--- WHAT NEEDS TO BE DONE ---
Exactly as they stand, repeat the lines from the one containing "To verify whether" through the final line of the listing, both ends included, and nothing else; skip the pictures.

--- SOURCE DATA ---
- Opening Delimiter -

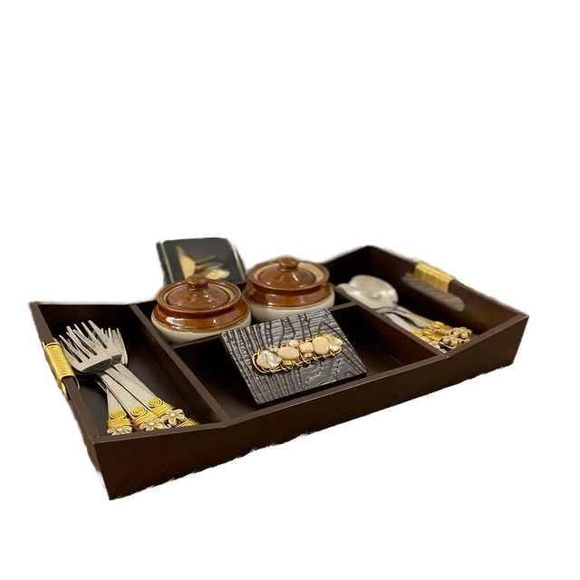 Elegant Practical Wood Dining Organiser with Stylish Salt Pepper & Pickle Dip Tissue Boxes for Home Use
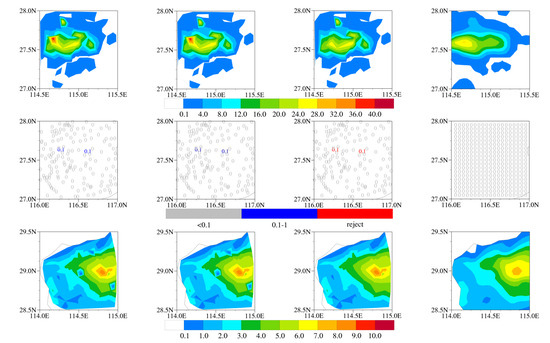 To verify whether this method can effectively retain accurate local heavy precipitation data, the hourly precipitation data at 18:00 on 21 May 2023 and the radar echoes covering short-term heavy precipitation generated during this period are shown in Figure 15. It is evident that strong echoes of >55 dBZ existed in the area 26.3–26.5°N, 116.3–116.5°E, and that these echoes were stable and nearly stationary, resulting in short-term heavy precipitation with localized rainfall intensity of over 80 mm/h. When the Tianqing QC system detected this short-term heavy rainfall, it was adjudged incorrect data, and then manually verified and reassessed as correct. However, the EOF-based QC method effectively extracts information from small- and medium-sized weather systems, resulting in the retention of such data.
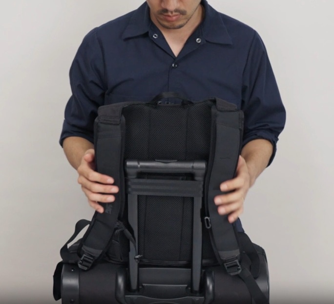 背面にはキャリーケースと併用できるキャリーバールーを搭載。

- Closing Delimiter -

--- SOLUTION FOR THIS PROBLEM ---
 To verify whether this method can effectively retain accurate local heavy precipitation data, the hourly precipitation data at 18:00 on 21 May 2023 and the radar echoes covering short-term heavy precipitation generated during this period are shown in Figure 15. It is evident that strong echoes of >55 dBZ existed in the area 26.3–26.5°N, 116.3–116.5°E, and that these echoes were stable and nearly stationary, resulting in short-term heavy precipitation with localized rainfall intensity of over 80 mm/h. When the Tianqing QC system detected this short-term heavy rainfall, it was adjudged incorrect data, and then manually verified and reassessed as correct. However, the EOF-based QC method effectively extracts information from small- and medium-sized weather systems, resulting in the retention of such data.
 背面にはキャリーケースと併用できるキャリーバールーを搭載。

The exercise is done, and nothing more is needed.